### Source data
• • • • •

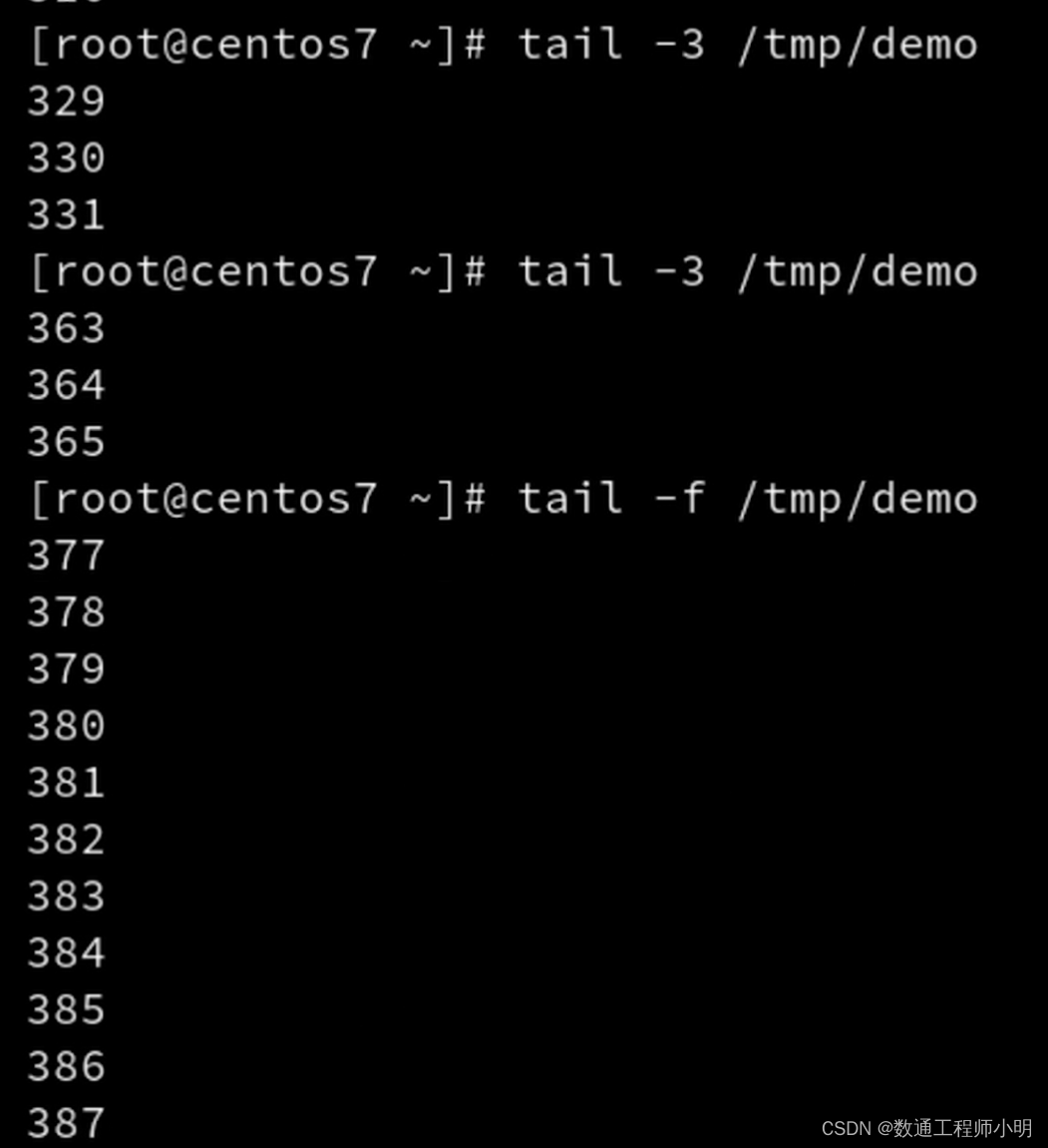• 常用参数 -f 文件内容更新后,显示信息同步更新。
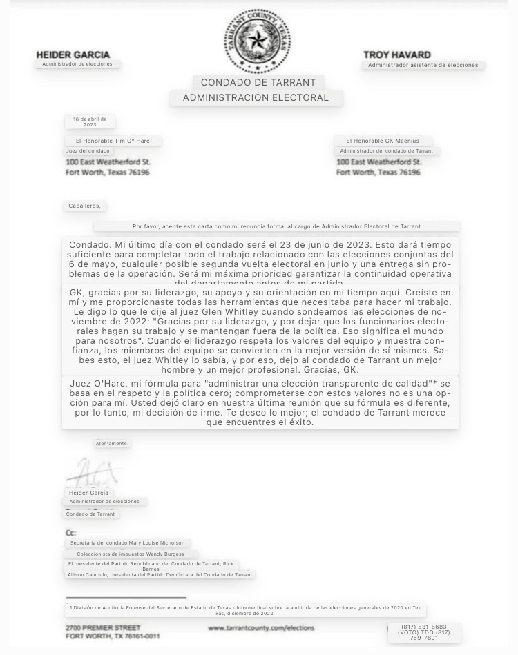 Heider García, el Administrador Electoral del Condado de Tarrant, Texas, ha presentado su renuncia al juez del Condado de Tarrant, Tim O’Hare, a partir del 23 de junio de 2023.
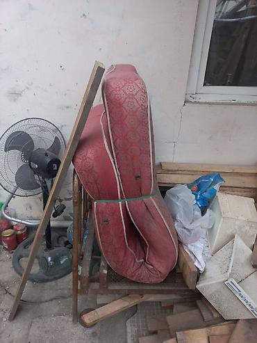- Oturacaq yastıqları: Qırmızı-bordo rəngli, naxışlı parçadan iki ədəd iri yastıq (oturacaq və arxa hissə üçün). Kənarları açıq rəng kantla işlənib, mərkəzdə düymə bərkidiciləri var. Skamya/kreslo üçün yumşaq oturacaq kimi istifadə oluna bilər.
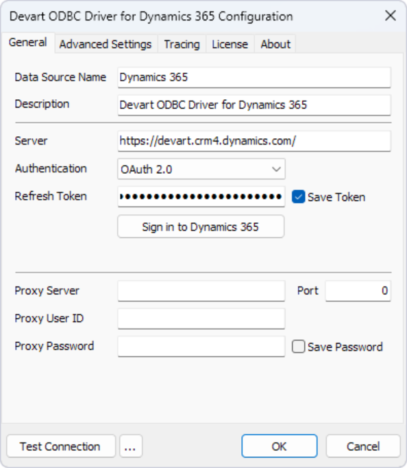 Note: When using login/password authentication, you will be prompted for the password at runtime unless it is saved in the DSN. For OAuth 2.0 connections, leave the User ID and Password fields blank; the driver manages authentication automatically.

• • • • •

### Exercise objective
What is needed is an exact restatement of the lines from the line with "Heider García, el" through the final line of the data, pictures excluded.

### Task response
 Heider García, el Administrador Electoral del Condado de Tarrant, Texas, ha presentado su renuncia al juez del Condado de Tarrant, Tim O’Hare, a partir del 23 de junio de 2023.
- Oturacaq yastıqları: Qırmızı-bordo rəngli, naxışlı parçadan iki ədəd iri yastıq (oturacaq və arxa hissə üçün). Kənarları açıq rəng kantla işlənib, mərkəzdə düymə bərkidiciləri var. Skamya/kreslo üçün yumşaq oturacaq kimi istifadə oluna bilər.
 Note: When using login/password authentication, you will be prompted for the password at runtime unless it is saved in the DSN. For OAuth 2.0 connections, leave the User ID and Password fields blank; the driver manages authentication automatically.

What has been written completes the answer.